The AI revolution will be different to the industrial revolution. The industrial revolution lasted 100 years, which is 4 generations. This was sufficient time for subsequent generations to be re-skilled in their jobs of the future. The disruptive technology due to AI is likely to occur much more rapidly (perhaps a single generation). We will need to re-skill within our lifetime, or else become jobless.

It is worth noting that in some situations, AI is going to increase employment. For example, AI is drastically improving the efficiency of matching Kidney donors to those with Kidney disease, increasing the work for surgeons. But these will certainly be isolated examples. Disruptive AI technology is going to displace many of today’s jobs.

Hopefully automation will drastically reduce the cost of living. Perhaps this places less pressure to have a job to work for money. But it is well-known that humans need to feel self-worth to feel happy. Perhaps entertainment and education will be enough for many people?

For those for whom it is not, we need to shift to a new distribution of jobs, quickly. Here are some positive ideas I like:

  • reactive retraining of those who have jobs displaced by automation. For example, Singapore has a retraining fund for people who have been replaced by automation,
  • proactive retraining, for example changing the way we teach accountants and radiologists today, because their jobs are being displaced,
  • allow automation to increase our leisure time,
  • redeploy labour into education and healthcare which require more human interaction than other fields,
  • MOOCs and other educational tools,
  • introducing a living wage or universal basic income.
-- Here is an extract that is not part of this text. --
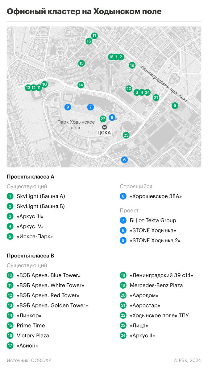 По информации NF Group, рядом с Ходынским полем построены такие БЦ класса А, как «Аркус III» (34,3 тыс. кв. м), «Аркус IV» (18,1 тыс. кв. м), и класса B — «Аэродом» (30,9 тыс. кв. м), «Аркус II» (7,7 тыс. кв. м), «Линкор» (34, 0 тыс. кв. м) и «ВЭБ Арена» (48,6 тыс. кв. м). «В целом в рассматриваемой зоне развит девелопмент офисных проектов, среди последних новых заявленных — «Stone Ходынка» (70 тыс. кв. м офисов), «Stone Ходынка 2» (58 тыс. кв. м) и «BusinessClub Ходынка» (10 тыс. кв. м)», — рассказали в NF Group.

Eventually, perhaps more extreme regulation will be needed here to keep humans commercially competitive with robots.


Acknowledgements: I’d like to thank Adrian Weller for first opening my eyes to these issues. This blog was written while attending the International Joint Conference on Artificial Intelligence (IJCAI) 2017 where I presented a paper on autonomous vehicle safety. Thank you to the conference organisers for an excellent forum to discuss these topics.